Jean-Luc Costa

Personal information
- Born: 25 January 1965 (age 61)

Chess career
- Country: Switzerland
- Title: International Master (1991)
- Peak rating: 2450 (July 1992)

= Jean-Luc Costa =

Swiss chess player (born 1965)

Jean-Luc Costa (born 25 January 1965) is a Swiss chess player, International Master (1991), two time Swiss Chess Championship winner (1991, 1993).

== Chess career ==
In the mid-1990s, Jean-Luc Costa was one of the strongest Swiss chess players. In the individual finals of the Swiss Chess Championships, he won gold medals twice (1991, 1993).

Jean-Luc Costa played for Switzerland in the Chess Olympiad:
- In 1992, at first reserve board in the 30th Chess Olympiad in Manila (+5, =3, -2).

Jean-Luc Costa played for Switzerland in the World Team Chess Championship:
- In 1993, at reserve board in the 3rd World Team Chess Championship in Lucerne (+0, =2, -4).

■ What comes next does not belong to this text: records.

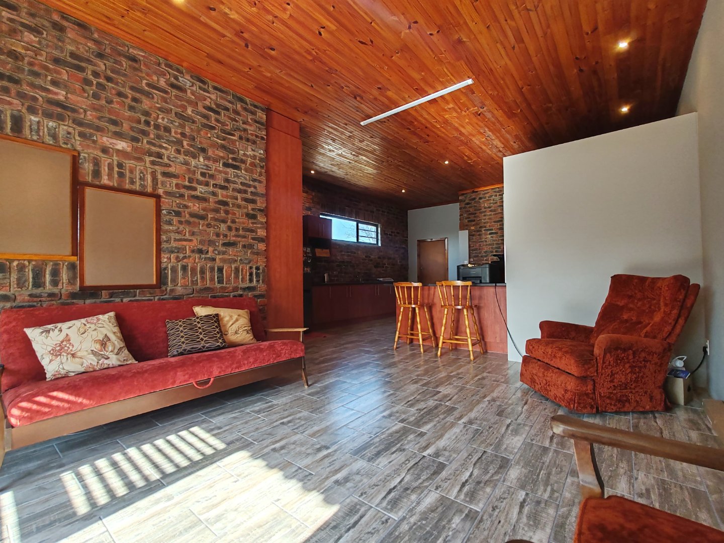 - Knotty pine ceilings in 60% of the home, aluminium windows, and deluxe chromatic RBR roof
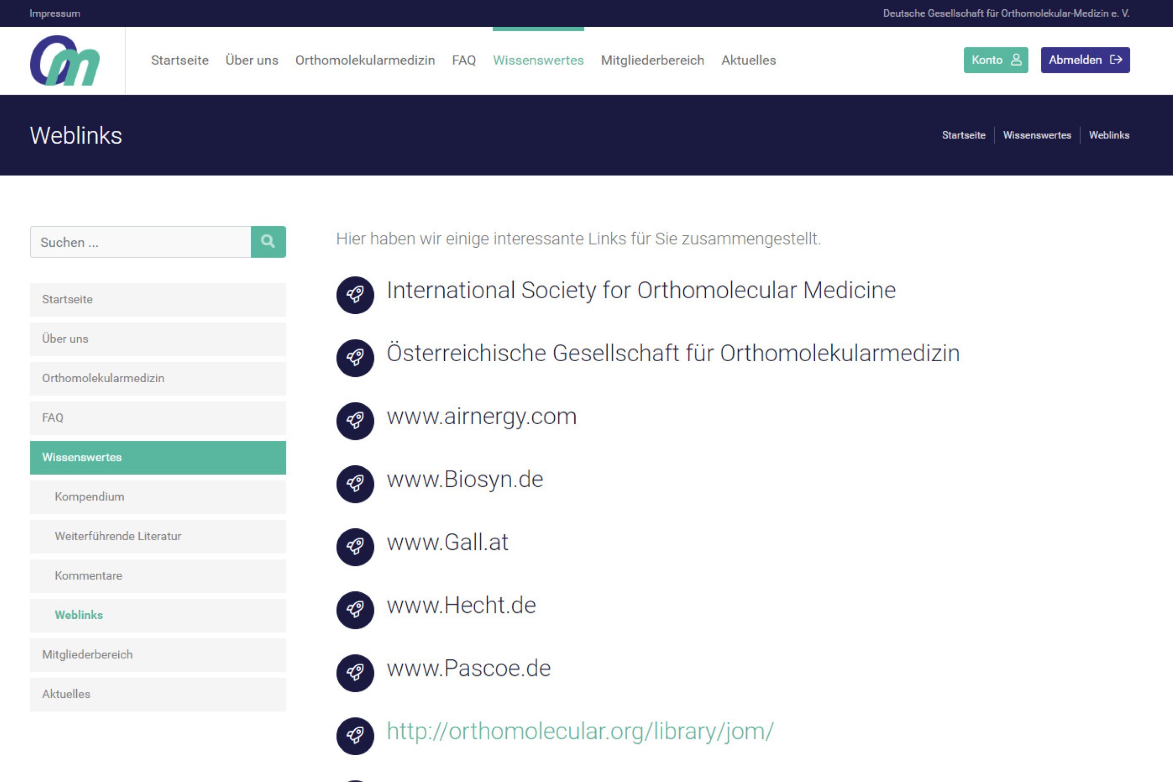 Weblinks zu externen Webseite
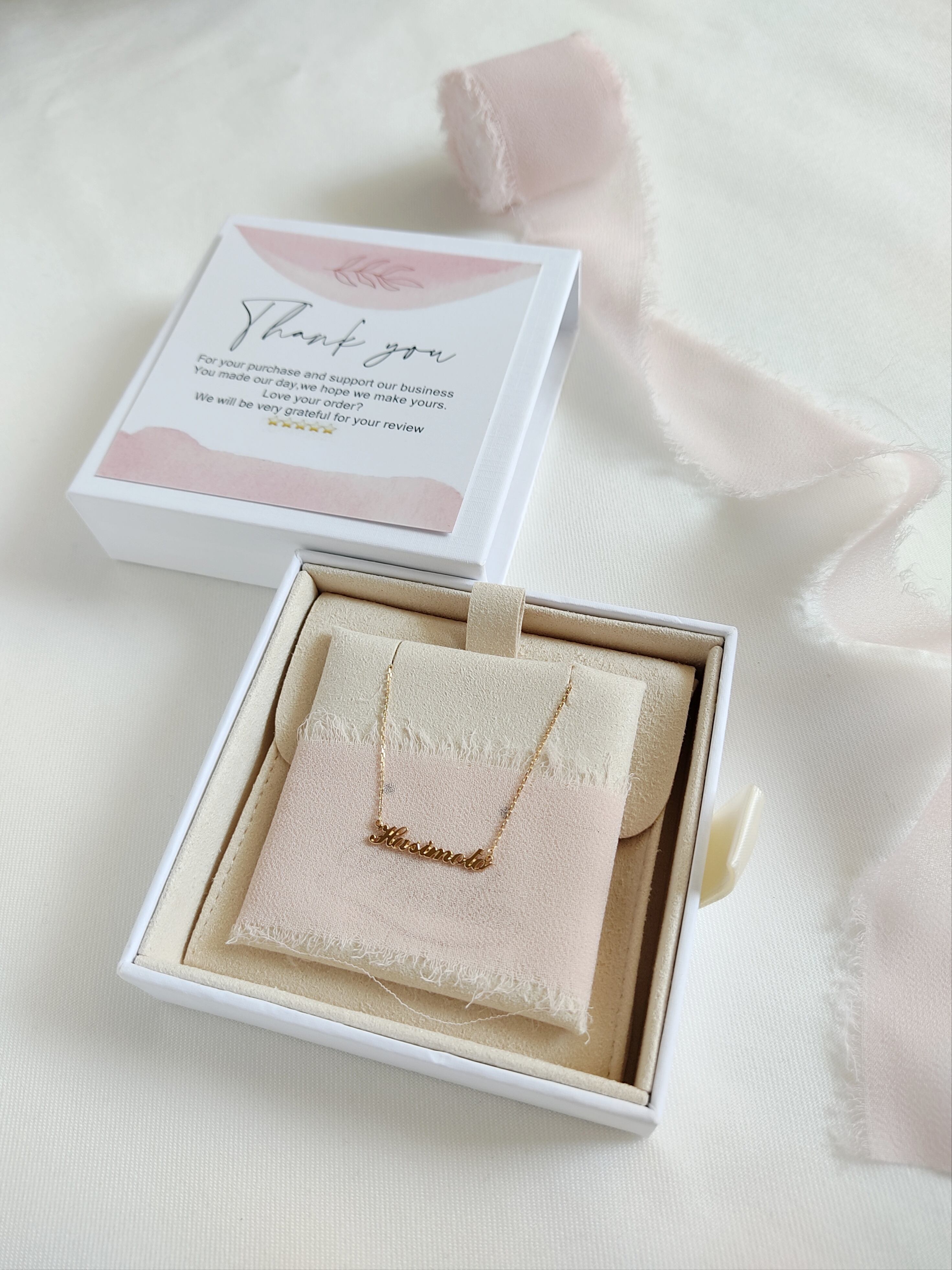 ラッピング:スエードタッチのポーチ付きのドロワーBOXが、新しく仲間入り。BOXを積み重ねて整理したり、ジュエリー以外にヘアアクセサリーなども入れたりできます。「お届けしたボックスを再利用して欲しい」と想いお作りしました。とても軽量なペーパー素材、環境に配慮した人工スエード素材を使用したラッピングです。お手渡し用に手提げ袋をご希望の場合は、備考欄にてお知らせください。

Jean-Luc Costa played for Switzerland in the European Team Chess Championship:
- In 1992, at third board in the 10th European Team Chess Championship in Debrecen (+0, =0, -5).

Jean-Luc Costa played for Switzerland in the World Youth U26 Team Chess Championship:
- In 1991, at second board in the 8th World Youth U26 Team Chess Championship in Maringá (+4, =2, -2).

Jean-Luc Costa played for Switzerland in the Men's Chess Mitropa Cup:
- In 1990, at third board in the 13th Chess Mitropa Cup in Leibnitz (+4, =1, -1) and won individual gold medal,
- In 1991, at first board in the 14th Chess Mitropa Cup in Brno (+2, =3, -1),
- In 1995, at fourth board in the 16th Chess Mitropa Cup in Bükfürdő (+4, =1, -4).

In 1991, he was awarded the FIDE International Master (IM) title.